The data Block Start

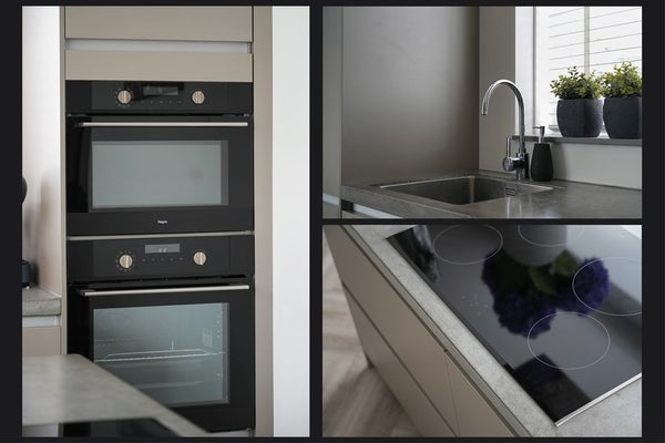 De keuken heeft een rustige uitstraling en is uitgevoerd met alle benodigde inbouwapparatuur: een koelkast, combimagnetron, vaatwasser, oven, inductie kookplaat, afzuigkap en opbergruimte in de lades en kasten.
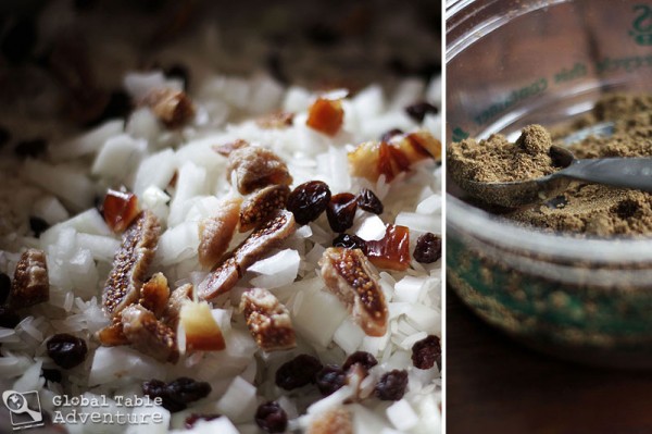 Chop the onion, dried fruits, and add to a skillet with rice, stock, salt, pepper and ground coriander. Cover and simmer for about 10 minutes. Enjoy the smell of sweet goodness.
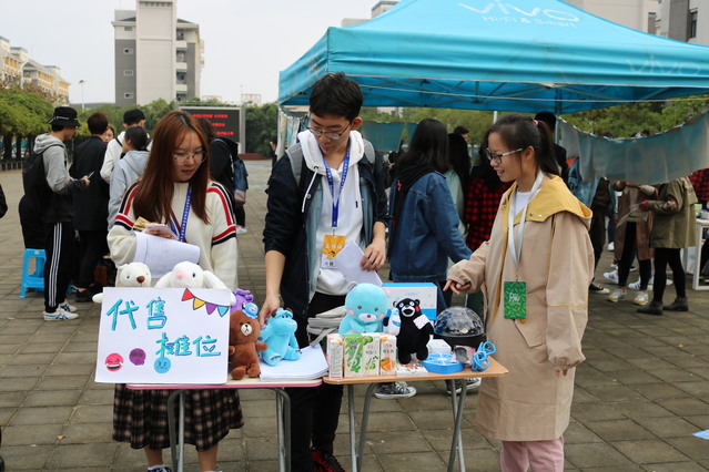 音响里传来青春洋溢的暖场歌曲,海星广场上气氛火爆。员工会干事和摊主们早早地来到海星广场,热络地布置场地和摆放物品。小小的绒桌布上依次摆出首饰、化妆品与手机壳,男生们则拿出自己的球鞋;物美价廉的商品吸引了不少同学驻足。本次活动还邀请到IT社,他们也充分展示了自己的技术特长,为同学们做一些电子产品的维修护理。员工会成员们精心组织策划,制定了独特的交易制度:如代金卷、集章参与、套圈游戏等。同学们在淘淘乐上收获了自己心仪的物品,摊主们也为自己的闲置物品找到了归宿。涂鸦的工艺品与特制的明信片、叫卖声与还价声,都将成为同学们这一年里美好的回忆。
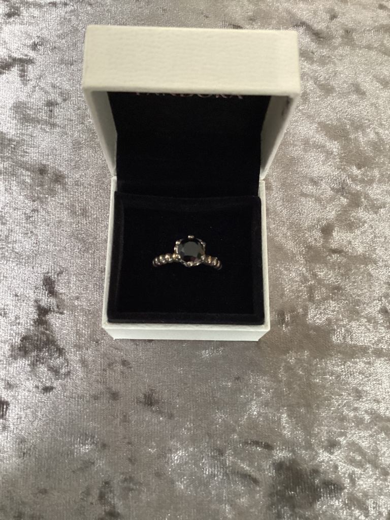For sale a Pandora sterling silver ring marked 925 ALE 58 in original box. It is unmarked and
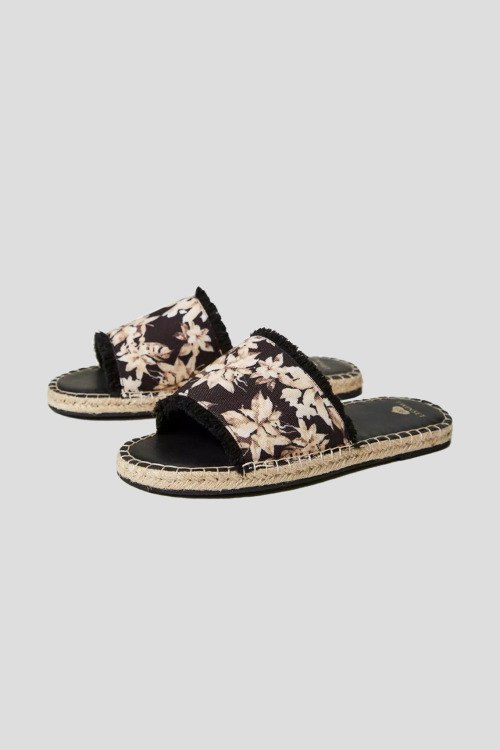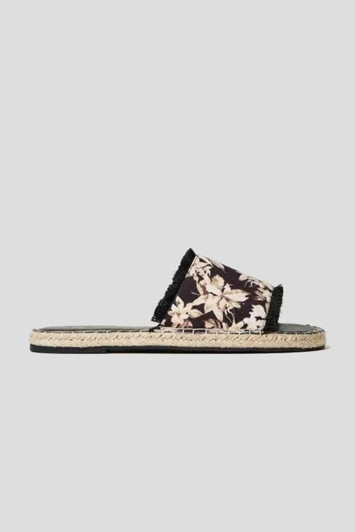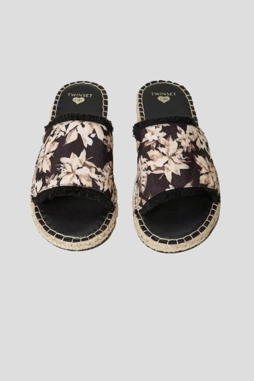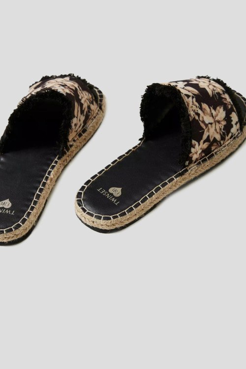 Детали: Женские черные текстильные шлепанцы от TWINSET (Твинсет). Широкий ремешок с цветочным принтом и краями с бахромой, закругленный носок, плетеная подошва

The data Block End

Set the preceding data down again word for word, omitting images.

Output below –
 De keuken heeft een rustige uitstraling en is uitgevoerd met alle benodigde inbouwapparatuur: een koelkast, combimagnetron, vaatwasser, oven, inductie kookplaat, afzuigkap en opbergruimte in de lades en kasten.
 Chop the onion, dried fruits, and add to a skillet with rice, stock, salt, pepper and ground coriander. Cover and simmer for about 10 minutes. Enjoy the smell of sweet goodness.
 音响里传来青春洋溢的暖场歌曲,海星广场上气氛火爆。员工会干事和摊主们早早地来到海星广场,热络地布置场地和摆放物品。小小的绒桌布上依次摆出首饰、化妆品与手机壳,男生们则拿出自己的球鞋;物美价廉的商品吸引了不少同学驻足。本次活动还邀请到IT社,他们也充分展示了自己的技术特长,为同学们做一些电子产品的维修护理。员工会成员们精心组织策划,制定了独特的交易制度:如代金卷、集章参与、套圈游戏等。同学们在淘淘乐上收获了自己心仪的物品,摊主们也为自己的闲置物品找到了归宿。涂鸦的工艺品与特制的明信片、叫卖声与还价声,都将成为同学们这一年里美好的回忆。
For sale a Pandora sterling silver ring marked 925 ALE 58 in original box. It is unmarked and
 Детали: Женские черные текстильные шлепанцы от TWINSET (Твинсет). Широкий ремешок с цветочным принтом и краями с бахромой, закругленный носок, плетеная подошва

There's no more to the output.